Low-Temperature Prepared Lithium-Cobalt-Nickel-Oxide Spinels

Wednesday, October 14, 2015: 08:30
105-A (Phoenix Convention Center)
E. Lee, J. R. Croy, J. S. Park, C. Johnson (Argonne National Laboratory), and M. M. Thackeray (Argonne National Laboratory)
LiMn2O4-based spinel materials have been one of the most important types of cathode materials in current lithium-ion batteries since layered LiCoO2 was used in the first commercial products by Sony Corporation in 1991. While LiCoO2 is still the preferred cathode of choice for portable electronic devices such as mobile phones, cameras, and laptop computers, the LiMn2O4-based spinels, which have low price and high power performance, are finding application in batteries for electric vehicles.1

Compared to the extensive understanding of manganese-based spinel materials, relatively little is known about the structural and electrochemical properties of cobalt-nickel-based spinel electrodes, since lithium-cobalt-nickel-oxides stabilize as a layered structure during high-temperature synthesis. However, low-temperature firing of precursor materials during the solid state synthesis of layered oxide compositions, particularly those with high cobalt content, can result in intermediate structures with quasi-spinel character.2,3 A significant advantage of these Li-Co-Ni-O (LCNO-S) spinel structures is that they offer an attractive ~3.6 V vs. lithium, i.e., approximately 600 mV higher than their manganese analogues. Moreover, unlike manganese, cobalt has a lower propensity to migrate during the electrochemical reactions.
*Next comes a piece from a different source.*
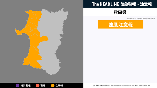 12月14日7時5分頃、秋田県の強風注意報が更新

In this presentation, the low-temperature prepared LCNO-S materials will be revisited to delve into their structural and electrochemical properties.


1.   M. M. Thackeray, C. Wolverton and E. D. Isaacs, Energy & Environmental Science, 5, 7854 (2012).

2.   R. J. Gummow, M. M. Thackeray, W. I. F. David and S. Hull, Materials Research Bulletin, 27, 327 (1992).

3.   R. J. Gummow and M. M. Thackeray, Solid State Ionics, 53, 681 (1992).